Chapter 14:  Interpreting Figurative Passages


                             Connect…


               When my children were small, they liked for me to read them “fairy tales.”  Of particular interest was
               the story of Jack and the Bean Stock.  A little boy named Jack found a special bean that grew a huge
               bean stock that seemed to go up to heaven.  He climbed the stalk and found another world at its top,
               including a golden egg and a large giant.  But the story was not real.  It was a tale.


               Some Bible interpreters try to say that some stories in the Bible are not real, but “fairy tales.” “How can
               a man live in the belly of a great fish for several days,” they ask?  So, they say the Bible is an allegory or
               stories, while not real, represent a nice thought.

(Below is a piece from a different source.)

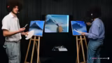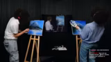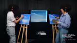 00:24:27Nachdem das ausgewählte Bob Ross Tutorial geladen ist, beginnen die Moderatoren mit dem ersten Schritt: dem Auftragen des Himmels. Janni und Jona bemerken schnell, dass ihre Mischung aus Blau und Weiß zu dunkel ist und passen die Farbanpassung an. Es kommt zu technischen Schwierigkeiten mit der Kamera, die den Bildausschnitt verändert, und die Moderatoren diskutieren über die richtige Pineltechnik und die Notwendigkeit, Pinsel zu reinigen, was ohne Wasser eine Herausforderung darstellt.

               There are passages in the Bible that don’t seem to make sense.  There are verses that definitely describe
               figurative rather than literal figures.  So how do we manage these verses without throwing out the literal
               interpretation of the Bible?  That is the challenging question we plan to embark upon today.


                        Objectives…


               1.  The student should be able to describe how to interpret figurative words or phrases in the Bible.


               2. The student should be able to explain how to understand some difficult and problematic portions of
               the Bible that are not really clear to us.


               3. The student should be able to discuss why we may never be able to understand 100% of the Bible, but
               we will learn to trust the One who wrote it without error.



                           The Lesson ...


               Dealing with Figurative Passages

               Some passages of Scripture are figurative because they simply cannot be understood literally.
               Sometimes a symbol is described which has no connection to reality.  In some cases, the passage itself
               gives you the meaning of that which is figurative.  In other cases, it appears that God leaves that up to a
               future date to reveal the meaning of a passage.

               Here are a couple examples of figurative verses:

               John 15:5   I am the vine; you are the branches. Whoever abides in me and I in him, he it is that bears

               much fruit, for apart from me you can do nothing.